Analysis by Quilter indicates that the proportion of parents investing in the stock market when setting money aside on behalf of children has dropped dramatically since the switch from Child Trust Funds (CTF) to Junior ISAs (JISA).Quilter’s analysis shows that CTFs were more than twice as likely to be invested in the stock market.

Since their introduction, less than a third of payments into JISA accounts have been into stocks and shares, with most accounts held in cash.

In contrast, around 83 per cent of CTFs are held in stocks and shares, offering potential for stronger long-term growth prospects than cash savings.

Before CTFs were discontinued for newborn children, a total of 50 per cent of all accounts were opened by parents in ‘Stakeholder’ investments.

A further 28 per cent were allocated to investment accounts by HMRC, with 4 per cent of parents choosing to invest through non-stakeholder investment products.

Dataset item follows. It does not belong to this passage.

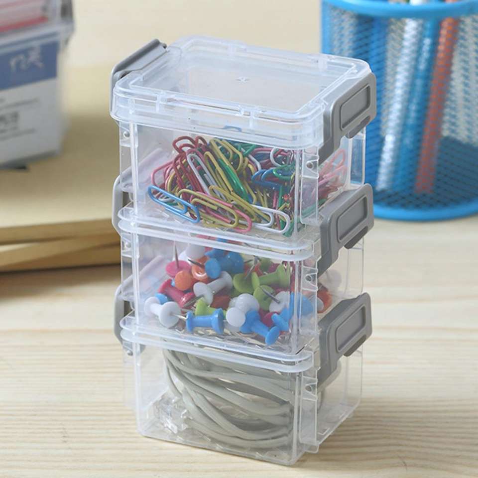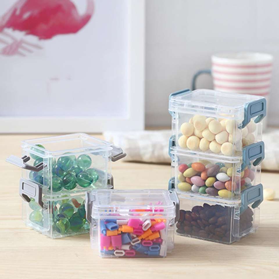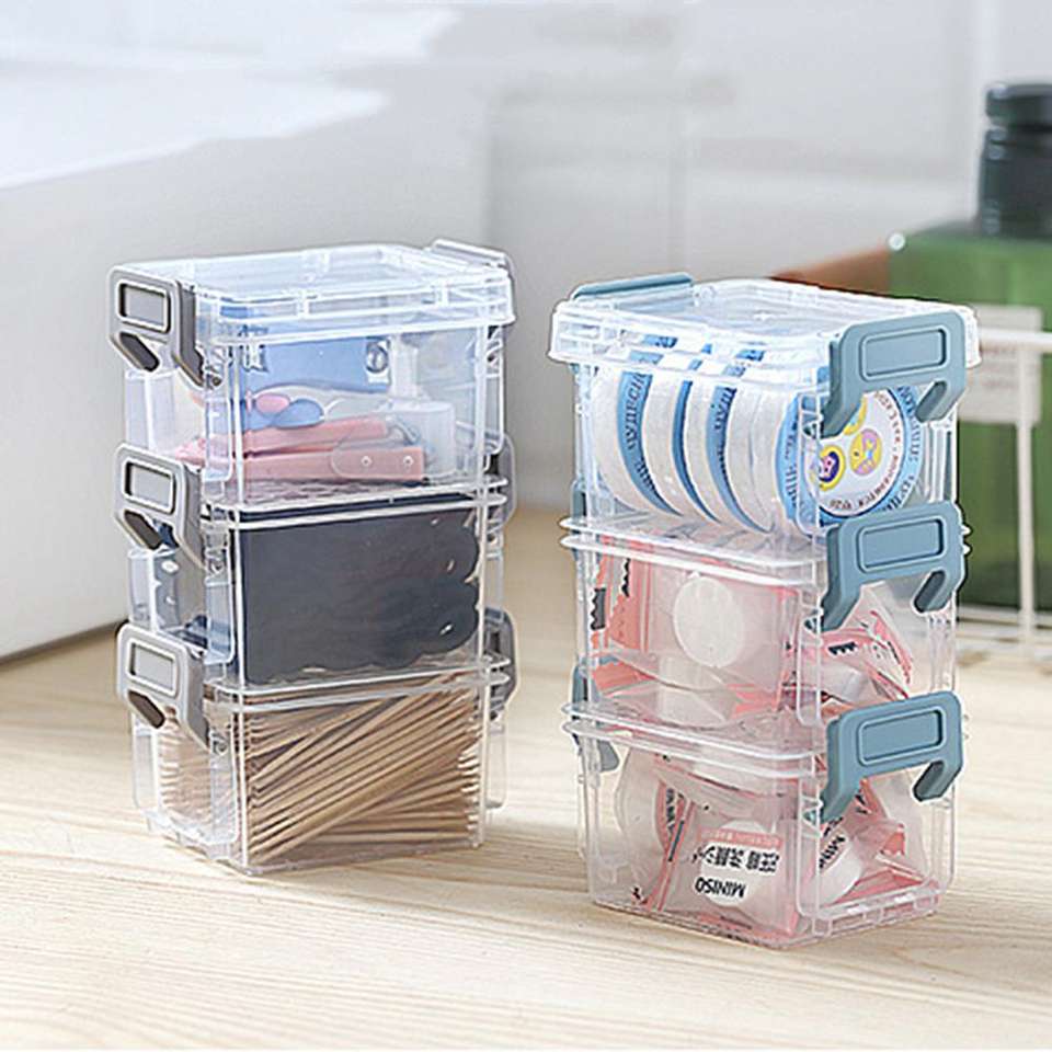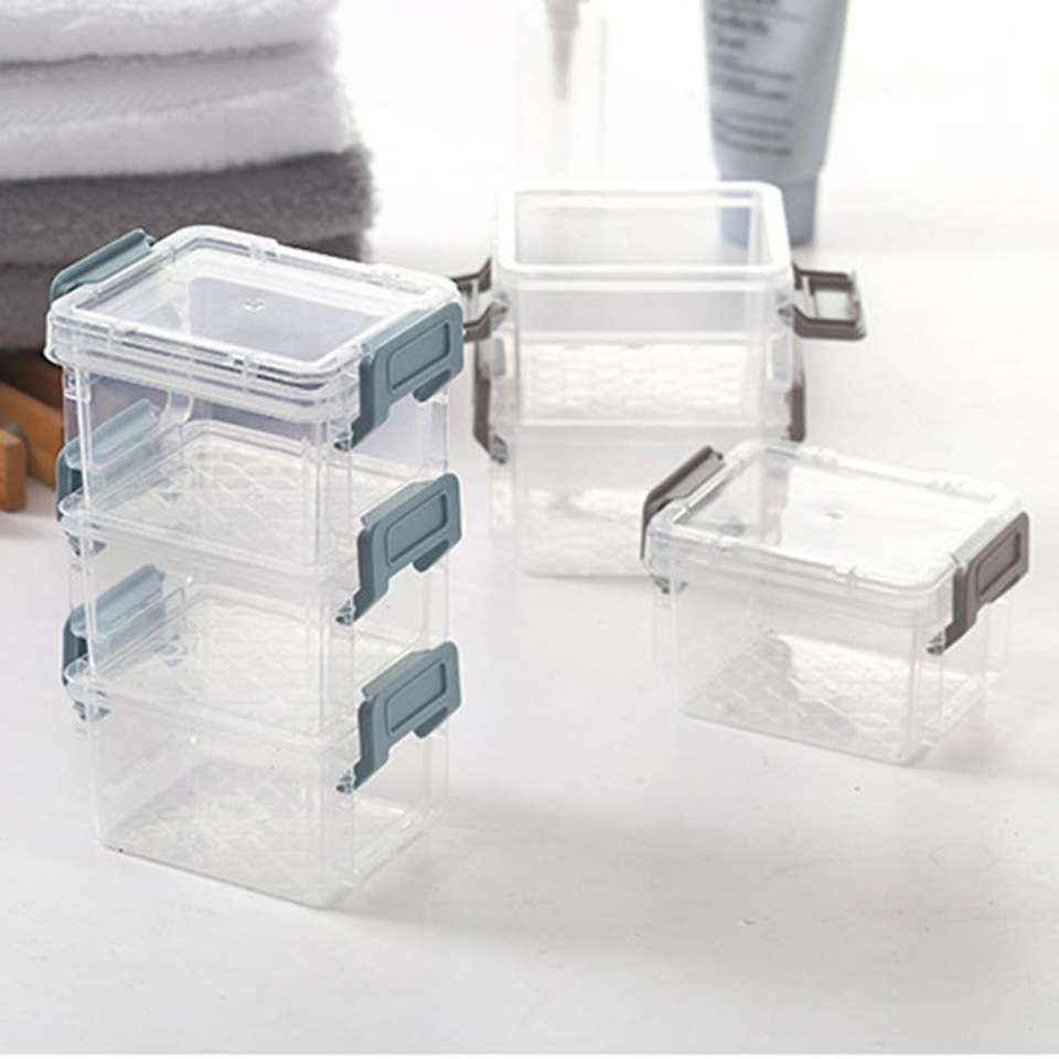 Scatola di Plastica Trasparente a 3 Strati con Coperchio, Contenitore Portatile Impilabile per Ufficio e Casa

Just 17 per cent of parents chose to open a cash account.

Quilter is today warning that the drop in investment rates risks young people not obtaining the best possible return on money set aside for them.

Rachael Griffin, financial planning expert at Quilter, says:

“This significant fall in investment rates in young people’s savings can be explained by a variety of factors.

“Providers of CTFs were required to offer a stocks and shares option alongside a cash offering. In addition, parents were nudged toward long-term investing by literature and tips supplied by government.

“Finally, where CTF vouchers were not allocated by parents, they were automatically put into investment accounts by HMRC. These were known as Revenue Allocated Accounts (RAAA) but even when their impact is excluded, we can still see that over half (54 per cent) of parents actively chose an investment account.

“Parents opening a CTF were guided toward stocks and shares by government advice that markets could normally be expected to outperform cash over the long-term. Research shows savings and investment plans for children tend to be opened in the early years of their life and the nature of CTFs and JISAs also means that we can be sure the money is locked-up until at least age 18, so they will normally be a long-term investment. 

“The nudge toward long-term investing was powerful with CTFs, but that seems to have waned with JISAs. Government, schools and families should look at promoting long-term investment benefits to young people, especially in such a low interest rate environment where returns on cash are weak.”